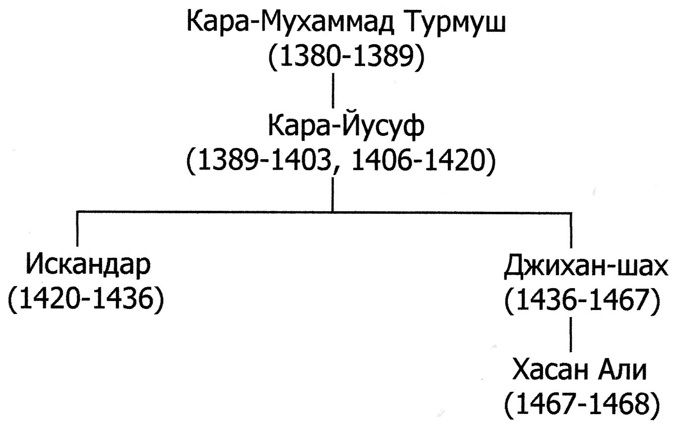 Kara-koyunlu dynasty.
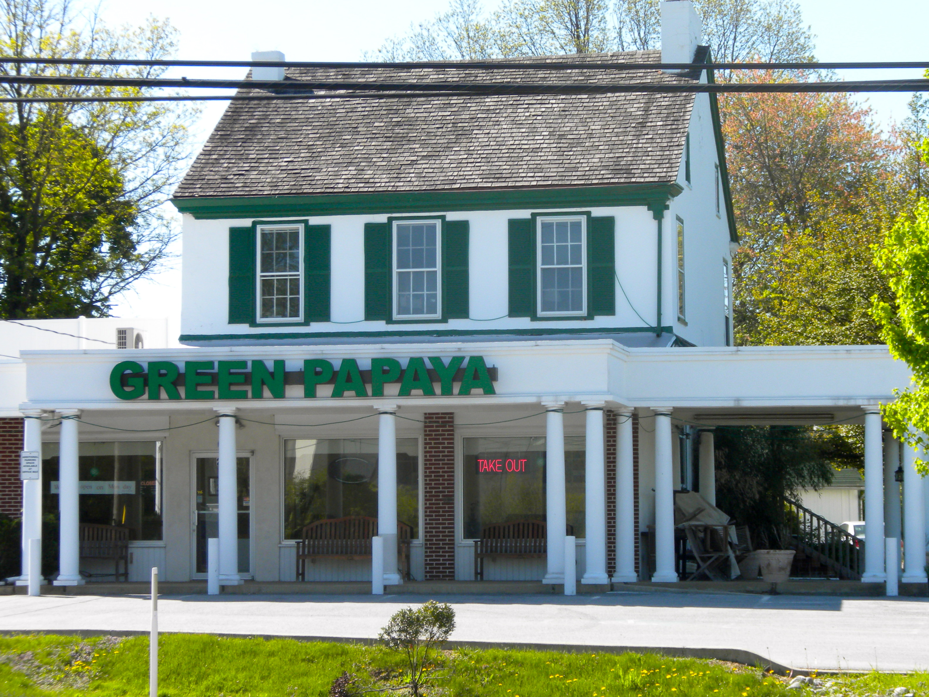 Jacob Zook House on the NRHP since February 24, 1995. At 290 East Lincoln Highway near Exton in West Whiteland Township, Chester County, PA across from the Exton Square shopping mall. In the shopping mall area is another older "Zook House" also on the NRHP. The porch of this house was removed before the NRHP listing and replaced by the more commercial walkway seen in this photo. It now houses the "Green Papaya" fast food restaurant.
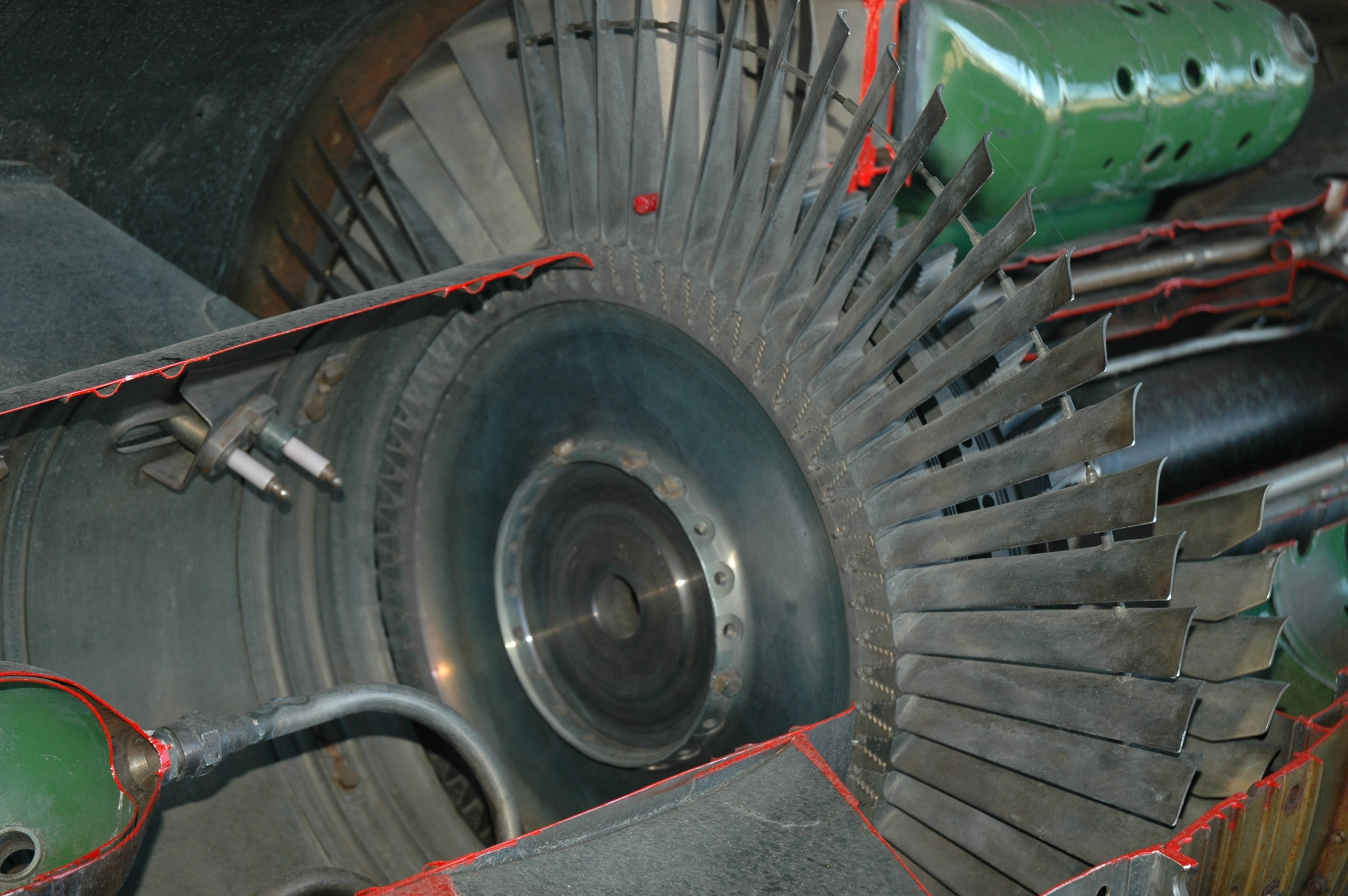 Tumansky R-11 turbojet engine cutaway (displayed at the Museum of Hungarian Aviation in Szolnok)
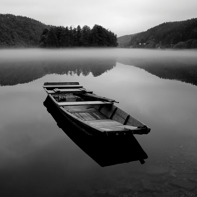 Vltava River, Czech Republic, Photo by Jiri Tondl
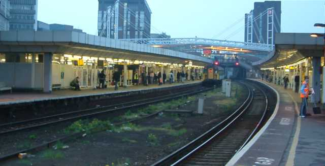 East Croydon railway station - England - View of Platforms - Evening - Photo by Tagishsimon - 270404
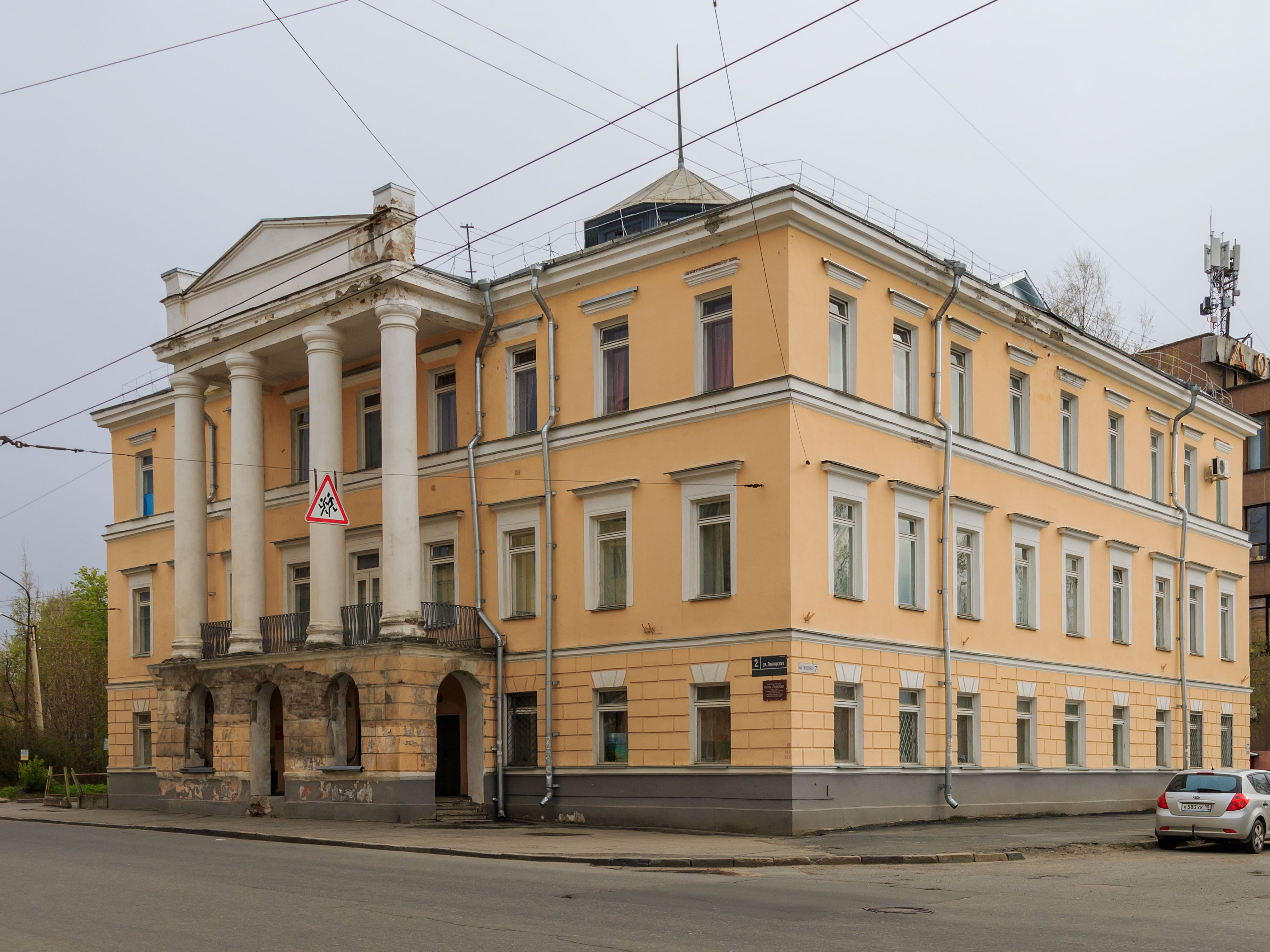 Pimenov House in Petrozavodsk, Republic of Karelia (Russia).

----

TASK DETAILS
Repeat the records above exactly, without pictures.

ANSWER
 Kara-koyunlu dynasty.
 Jacob Zook House on the NRHP since February 24, 1995. At 290 East Lincoln Highway near Exton in West Whiteland Township, Chester County, PA across from the Exton Square shopping mall. In the shopping mall area is another older "Zook House" also on the NRHP. The porch of this house was removed before the NRHP listing and replaced by the more commercial walkway seen in this photo. It now houses the "Green Papaya" fast food restaurant.
 Tumansky R-11 turbojet engine cutaway (displayed at the Museum of Hungarian Aviation in Szolnok)
 Vltava River, Czech Republic, Photo by Jiri Tondl
 East Croydon railway station - England - View of Platforms - Evening - Photo by Tagishsimon - 270404
 Pimenov House in Petrozavodsk, Republic of Karelia (Russia).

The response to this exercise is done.